→ **Entries shown**:

____________

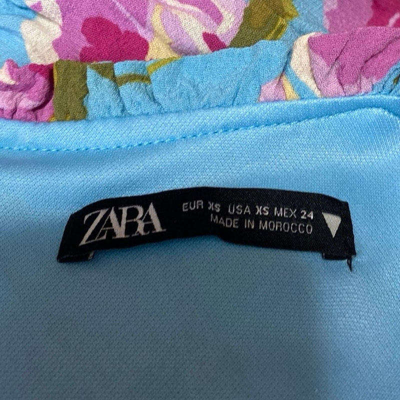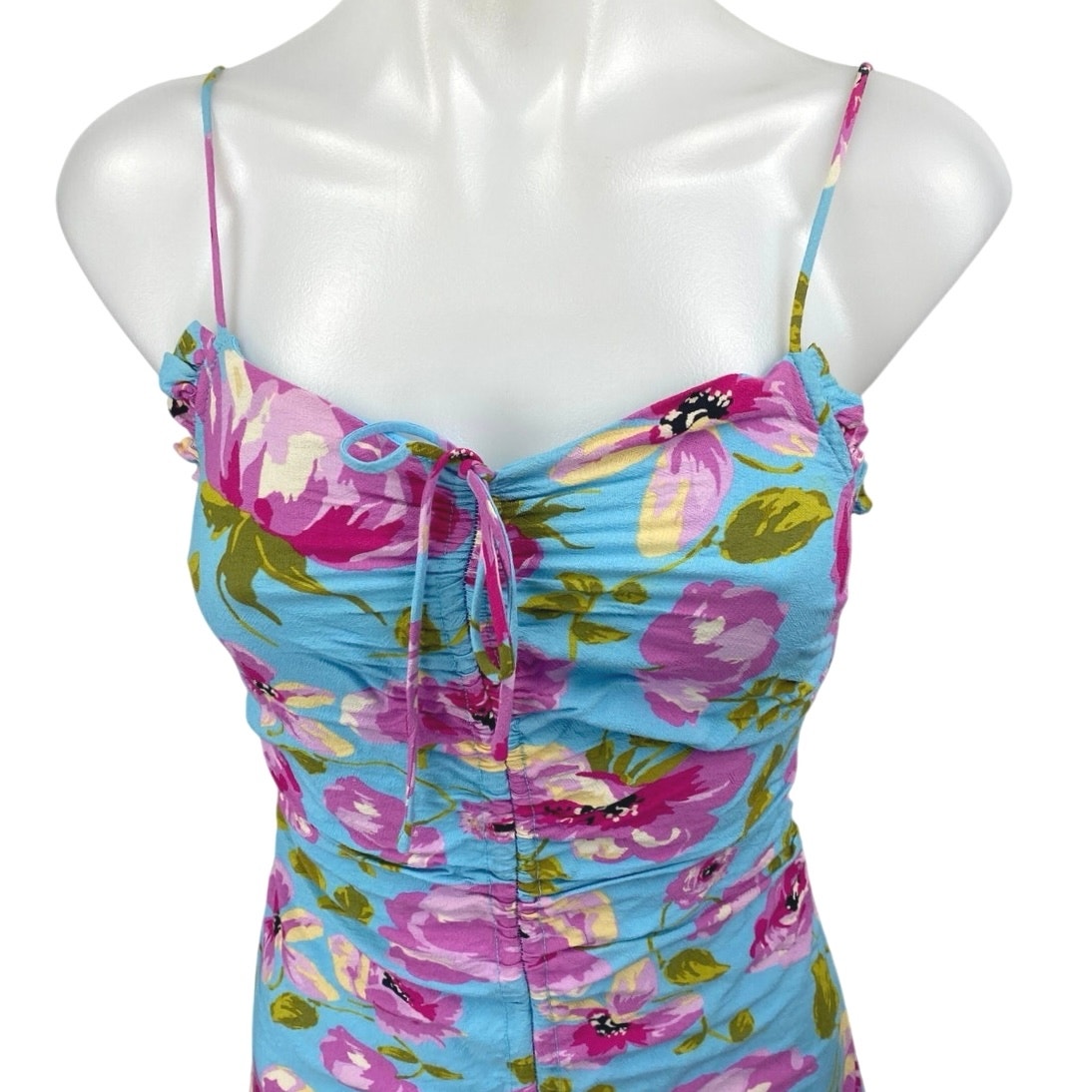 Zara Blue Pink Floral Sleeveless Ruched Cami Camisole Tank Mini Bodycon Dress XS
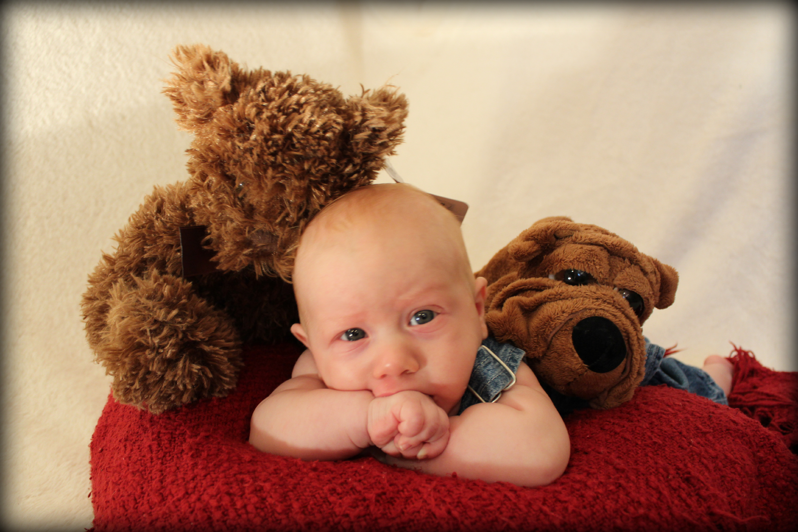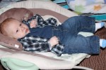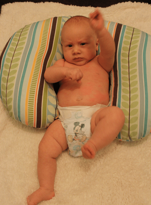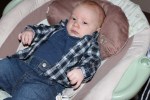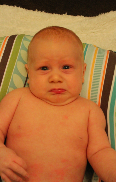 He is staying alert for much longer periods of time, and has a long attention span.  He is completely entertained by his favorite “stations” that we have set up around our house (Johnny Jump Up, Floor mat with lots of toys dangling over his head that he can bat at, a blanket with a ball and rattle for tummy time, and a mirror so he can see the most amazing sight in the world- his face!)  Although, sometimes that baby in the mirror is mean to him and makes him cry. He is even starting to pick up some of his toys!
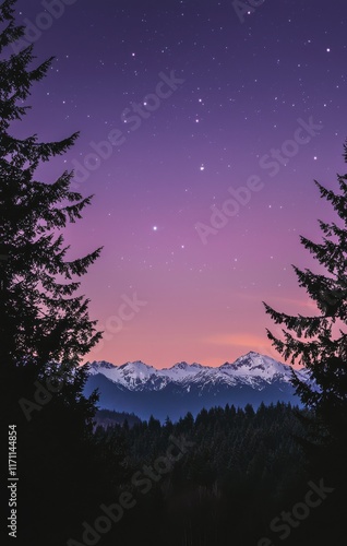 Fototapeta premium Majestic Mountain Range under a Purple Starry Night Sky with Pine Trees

____________

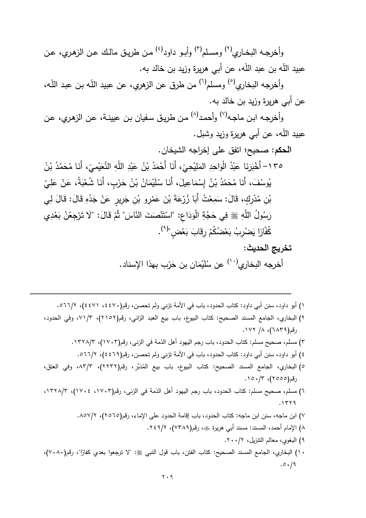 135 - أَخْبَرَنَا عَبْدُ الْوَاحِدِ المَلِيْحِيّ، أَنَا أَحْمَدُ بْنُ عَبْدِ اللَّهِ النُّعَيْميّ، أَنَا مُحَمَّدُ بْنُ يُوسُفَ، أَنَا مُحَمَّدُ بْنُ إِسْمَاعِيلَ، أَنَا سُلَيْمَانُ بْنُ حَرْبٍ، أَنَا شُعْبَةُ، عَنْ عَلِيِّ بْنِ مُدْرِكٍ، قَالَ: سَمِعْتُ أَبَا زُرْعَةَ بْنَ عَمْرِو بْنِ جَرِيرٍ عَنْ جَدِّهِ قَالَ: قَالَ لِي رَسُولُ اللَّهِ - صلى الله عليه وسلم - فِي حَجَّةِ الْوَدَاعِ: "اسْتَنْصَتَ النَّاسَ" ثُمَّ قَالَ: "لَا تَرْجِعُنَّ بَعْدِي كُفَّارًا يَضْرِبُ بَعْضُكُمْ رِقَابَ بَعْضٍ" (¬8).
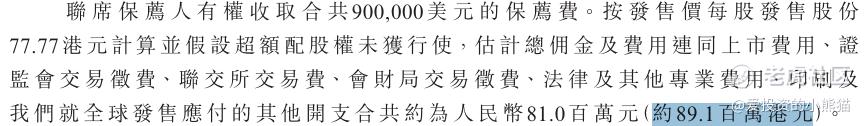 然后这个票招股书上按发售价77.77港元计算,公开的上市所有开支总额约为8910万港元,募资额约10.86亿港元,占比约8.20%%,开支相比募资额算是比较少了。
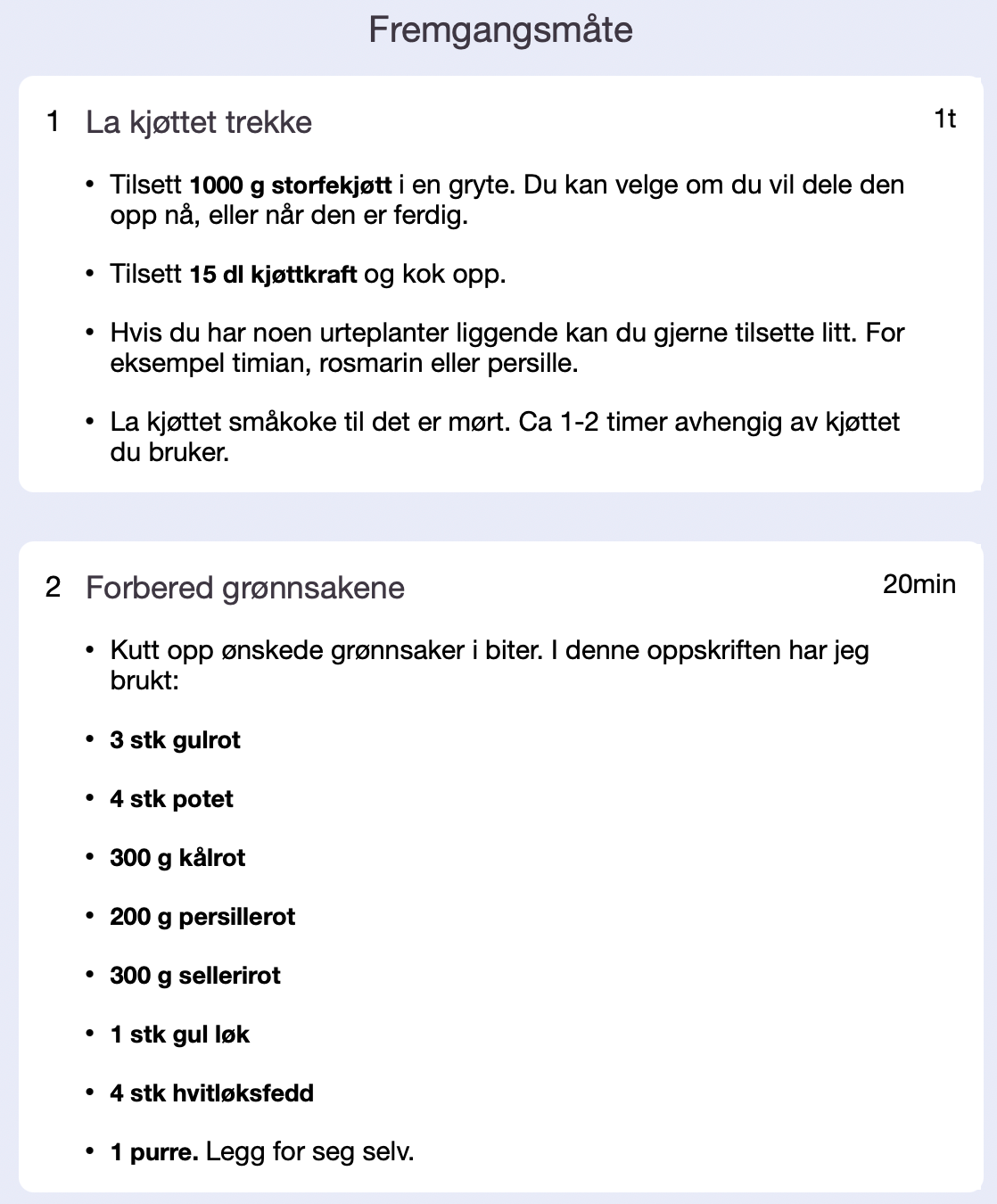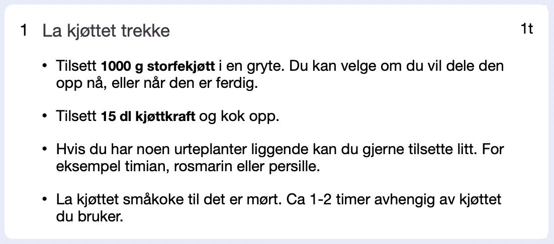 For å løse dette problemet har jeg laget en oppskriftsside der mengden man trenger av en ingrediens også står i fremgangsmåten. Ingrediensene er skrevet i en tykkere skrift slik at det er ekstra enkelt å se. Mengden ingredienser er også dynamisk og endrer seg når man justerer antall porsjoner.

____________

→ **Task details**: From the data above, return only the lines starting at the line that holds "135 - أَخْبَرَنَا" and ending at the line that holds "然后这个票招股书上按发售价7", word for word and without pictures.

→ **Answer for the task**:
 135 - أَخْبَرَنَا عَبْدُ الْوَاحِدِ المَلِيْحِيّ، أَنَا أَحْمَدُ بْنُ عَبْدِ اللَّهِ النُّعَيْميّ، أَنَا مُحَمَّدُ بْنُ يُوسُفَ، أَنَا مُحَمَّدُ بْنُ إِسْمَاعِيلَ، أَنَا سُلَيْمَانُ بْنُ حَرْبٍ، أَنَا شُعْبَةُ، عَنْ عَلِيِّ بْنِ مُدْرِكٍ، قَالَ: سَمِعْتُ أَبَا زُرْعَةَ بْنَ عَمْرِو بْنِ جَرِيرٍ عَنْ جَدِّهِ قَالَ: قَالَ لِي رَسُولُ اللَّهِ - صلى الله عليه وسلم - فِي حَجَّةِ الْوَدَاعِ: "اسْتَنْصَتَ النَّاسَ" ثُمَّ قَالَ: "لَا تَرْجِعُنَّ بَعْدِي كُفَّارًا يَضْرِبُ بَعْضُكُمْ رِقَابَ بَعْضٍ" (¬8).
 然后这个票招股书上按发售价77.77港元计算,公开的上市所有开支总额约为8910万港元,募资额约10.86亿港元,占比约8.20%%,开支相比募资额算是比较少了。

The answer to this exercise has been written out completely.